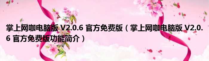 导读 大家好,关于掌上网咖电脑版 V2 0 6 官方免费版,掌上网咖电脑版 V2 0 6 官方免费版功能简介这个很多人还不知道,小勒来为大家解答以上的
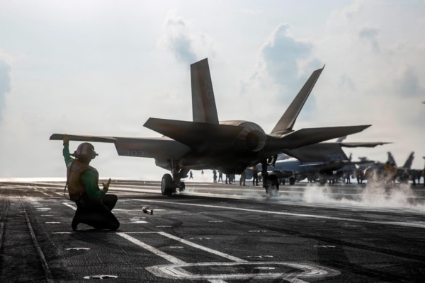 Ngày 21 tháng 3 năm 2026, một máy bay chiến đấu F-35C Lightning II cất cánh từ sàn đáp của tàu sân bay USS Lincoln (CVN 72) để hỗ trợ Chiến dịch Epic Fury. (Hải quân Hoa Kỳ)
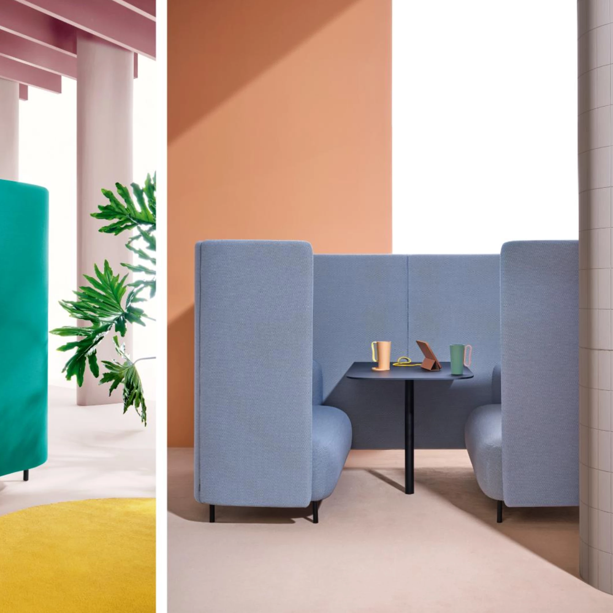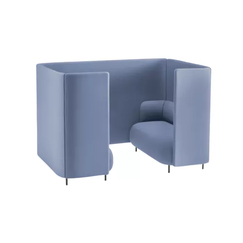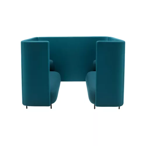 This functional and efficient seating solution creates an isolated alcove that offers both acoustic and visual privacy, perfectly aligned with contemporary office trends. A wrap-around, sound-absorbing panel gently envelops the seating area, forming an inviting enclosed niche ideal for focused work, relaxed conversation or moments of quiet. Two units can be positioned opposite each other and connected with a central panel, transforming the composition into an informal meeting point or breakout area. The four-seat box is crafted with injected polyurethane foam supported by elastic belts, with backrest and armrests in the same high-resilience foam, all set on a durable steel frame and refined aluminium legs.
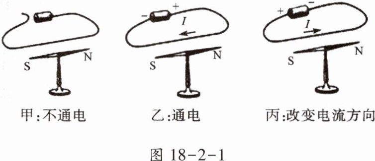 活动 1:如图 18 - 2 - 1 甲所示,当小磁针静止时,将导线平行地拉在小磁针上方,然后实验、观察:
--------
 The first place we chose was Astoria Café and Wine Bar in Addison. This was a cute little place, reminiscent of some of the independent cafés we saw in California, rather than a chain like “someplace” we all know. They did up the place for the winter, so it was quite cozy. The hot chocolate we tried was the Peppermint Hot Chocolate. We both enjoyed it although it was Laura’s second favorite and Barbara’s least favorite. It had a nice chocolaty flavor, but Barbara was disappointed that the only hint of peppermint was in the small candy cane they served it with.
--------
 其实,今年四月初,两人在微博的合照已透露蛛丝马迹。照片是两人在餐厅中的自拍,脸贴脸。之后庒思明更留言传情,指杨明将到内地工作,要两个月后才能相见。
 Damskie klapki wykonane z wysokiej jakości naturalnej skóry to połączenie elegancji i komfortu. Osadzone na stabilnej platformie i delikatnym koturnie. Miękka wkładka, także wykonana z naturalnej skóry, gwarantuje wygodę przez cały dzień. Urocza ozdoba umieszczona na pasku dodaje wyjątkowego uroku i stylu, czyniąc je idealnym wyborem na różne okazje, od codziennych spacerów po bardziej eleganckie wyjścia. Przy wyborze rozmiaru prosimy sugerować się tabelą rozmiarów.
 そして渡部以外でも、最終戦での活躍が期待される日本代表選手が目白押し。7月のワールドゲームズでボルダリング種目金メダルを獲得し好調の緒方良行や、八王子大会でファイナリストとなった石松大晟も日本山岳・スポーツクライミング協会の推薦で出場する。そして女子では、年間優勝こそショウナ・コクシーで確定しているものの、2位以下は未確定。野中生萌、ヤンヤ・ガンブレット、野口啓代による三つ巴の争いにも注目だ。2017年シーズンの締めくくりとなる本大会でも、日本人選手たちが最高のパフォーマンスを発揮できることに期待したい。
--------
Problem statement. Start at the line above containing "导读 大家好,关于掌上网咖电脑版 V2" and stop at the line containing "Ngày 21 tháng": print those lines and everything between them exactly, but not the pictures.

Exercise result.
 导读 大家好,关于掌上网咖电脑版 V2 0 6 官方免费版,掌上网咖电脑版 V2 0 6 官方免费版功能简介这个很多人还不知道,小勒来为大家解答以上的
 Ngày 21 tháng 3 năm 2026, một máy bay chiến đấu F-35C Lightning II cất cánh từ sàn đáp của tàu sân bay USS Lincoln (CVN 72) để hỗ trợ Chiến dịch Epic Fury. (Hải quân Hoa Kỳ)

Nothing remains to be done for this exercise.